Hooks in angr are very powerful! You can use them to modify a program's behavior in any way you could imagine. However, the exact way you might want to program a specific hook may be non-obvious. This chapter should serve as a guide when programming SimProcedures.
Here's an example that will remove all bugs from any program:
>>> from angr import Project, SimProcedure
>>> project = Project('examples/fauxware/fauxware')
>>> class BugFree(SimProcedure):
... def run(self, argc, argv):
... print('Program running with argc=%s and argv=%s' % (argc, argv))
... return 0
# this assumes we have symbols for the binary
>>> project.hook_symbol('main', BugFree())
# Run a quick execution!
>>> simgr = project.factory.simulation_manager()
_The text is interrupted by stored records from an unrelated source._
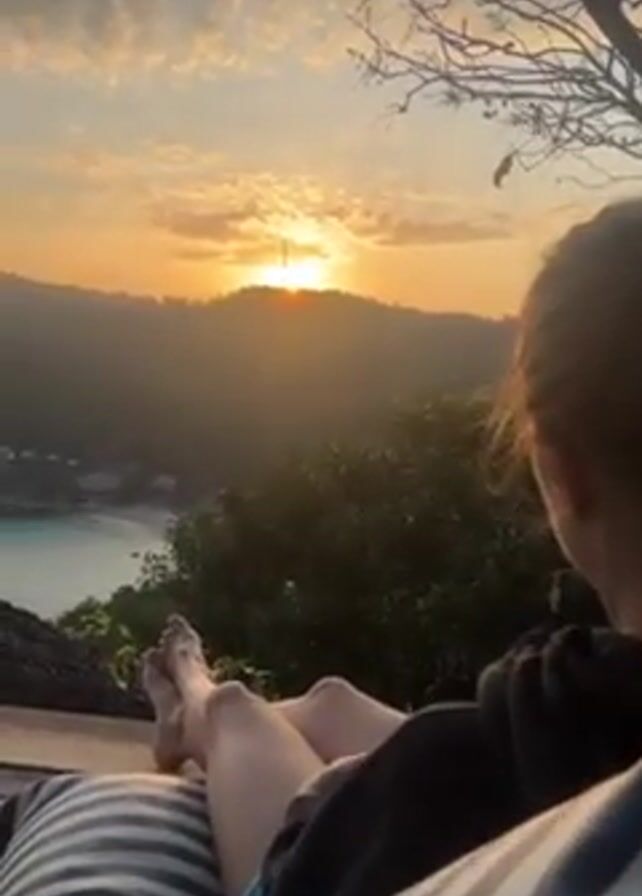 sunset scene overlooking a tropical bay. A person is reclining on a striped cushion on a wooden deck, with their feet propped up. The camera pans slightly to the left, revealing a view of the bay, the water a clear blue-green color. The bay is surrounded by a lush green hillside. The sun is setting behind the hill, casting a golden glow across the sky and water.
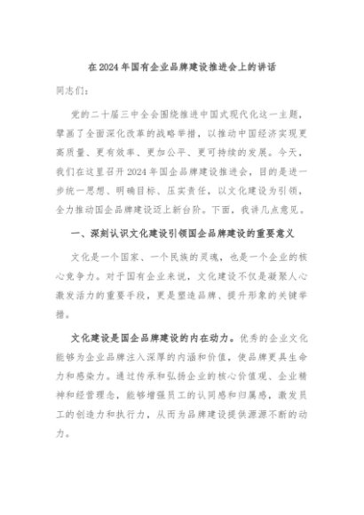 / 【七哥公文】2024年:在2024年国有企业品牌建设推进会上的讲话+更多免费公文+VX:QiGeGongWen2024
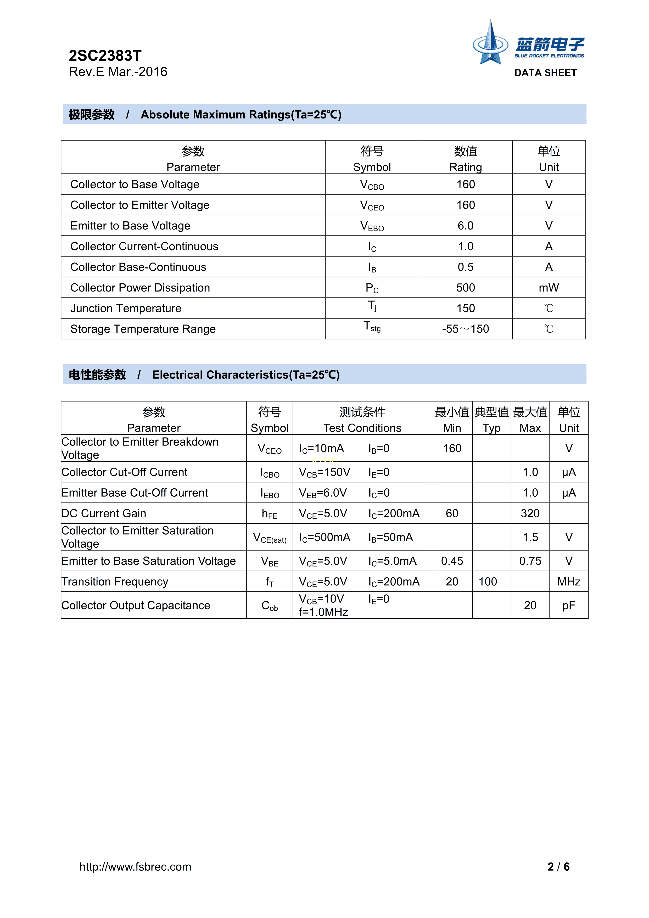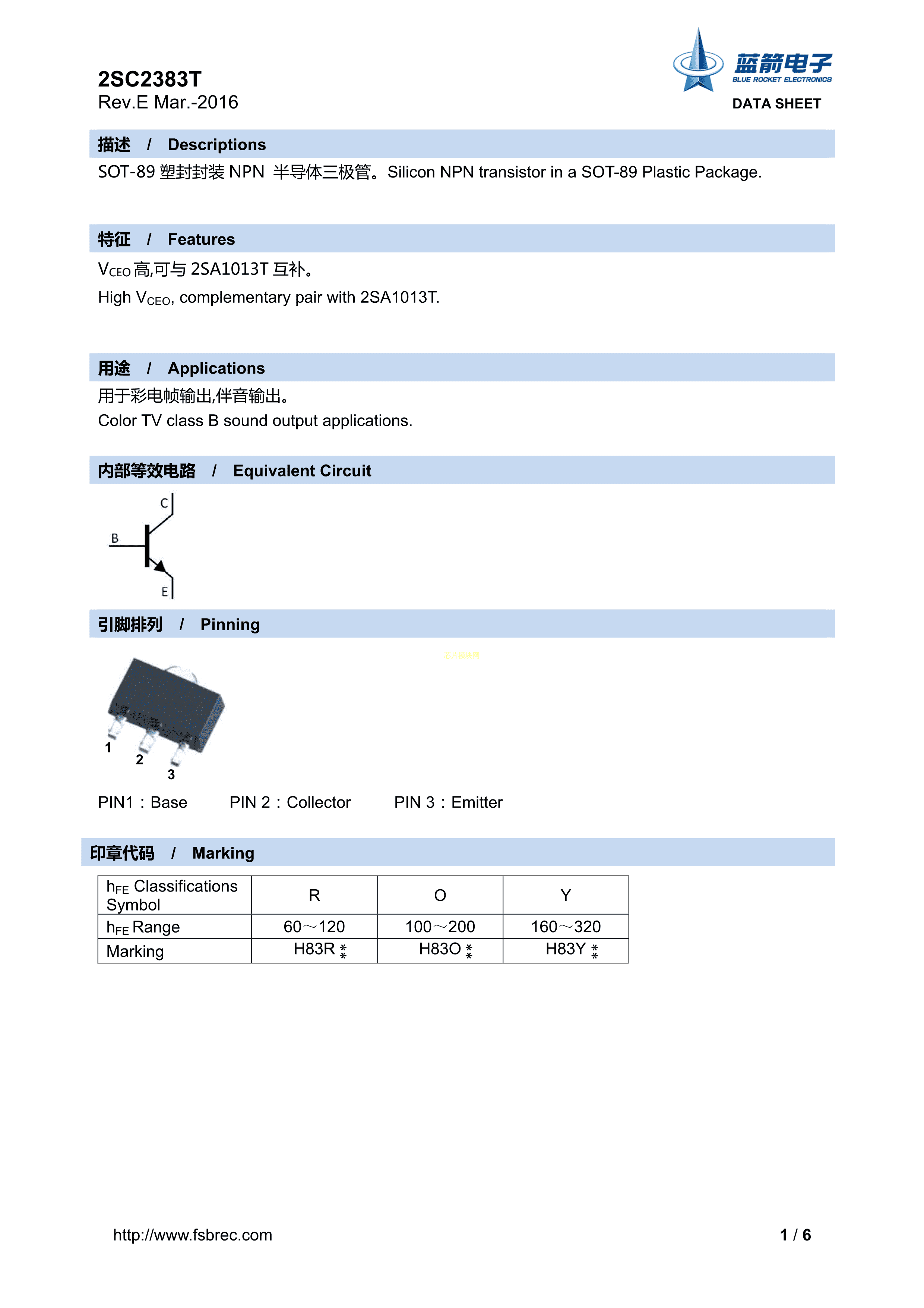 2SC2383T-Y数据手册SOT-89封装BLUE ROCKET(蓝箭)PDF规格书,中英文下载
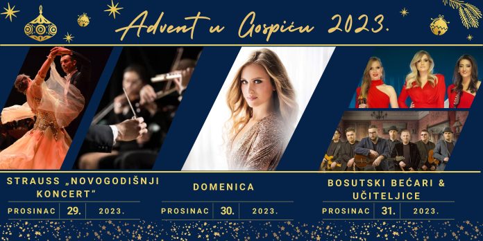 Kraj godine na Adventu u Gospiću obilježit će bogat program događanja za sve uzraste. Petak 29. prosinca obilježit će poseban kulturni događaj – Strauss „Novogodišnji koncert“ simfonijskog orkestra Kharkivskog nacionalnog akademskog kazališta, spektakl ozbiljne glazbe i plesa, bal kakvog nemamo često prilike vidjeti. Na koncertu će solisti i simfonijski orkestar Kharkivskog nacionalnog akademskog kazališta opere i baleta pod ravnanjem dirigenta Dmitra Morozova izvoditi djela Johana Straussa.

>>> simgr.run() # step until no more active states
Program running with argc=<SAO <BV64 0x0>> and argv=<SAO <BV64 0x7fffffffffeffa0>>
<SimulationManager with 1 deadended>
Now, whenever program execution reaches the main function, instead of executing the actual main function, it will execute this procedure! It just prints out a message, and returns.
Now, let's talk about what happens on the edge of this function!
When entering the function, where do the values that go into the arguments come from?
You can define your run()
function with however many arguments you like, and the SimProcedure runtime will automatically extract from the program state those arguments for you, via a calling convention, and call your run function with them. Similarly, when you return a value from the run function, it is placed into the state (again, according to the calling convention), and the actual control-flow action of returning from a function is performed, which depending on the architecture may involve jumping to the link register or jumping to the result of a stack pop.
It should be clear at this point that the SimProcedure we just wrote is meant to totally replace whatever function it is hooked over top of. In fact, the original use case for SimProcedures was replacing library functions. More on that later.
On a Project
class, the dict project._sim_procedures
is a mapping from address to SimProcedure
instances.
When the execution pipeline reaches an address that is present in that dict, that is, an address that is hooked, it will execute project._sim_procedures[address].execute(state)
.
This will consult the calling convention to extract the arguments, make a copy of itself in order to preserve thread safety, and run the run()
method.
It is important to produce a new instance of the SimProcedure for each time it is run, since the process of running a SimProcedure necessarily involves mutating state on the SimProcedure instance, so we need separate ones for each step, lest we run into race conditions in multithreaded environments.
This hierarchy implies that you might want to reuse a single SimProcedure in multiple hooks.
What if you want to hook the same SimProcedure in several places, but tweaked slightly each time?
angr's support for this is that any additional keyword arguments you pass to the constructor of your SimProcedure will end up getting passed as keyword args to your SimProcedure's run()
method.
Pretty cool!
If you were paying attention to the example earlier, you noticed that when we printed out the arguments to the run()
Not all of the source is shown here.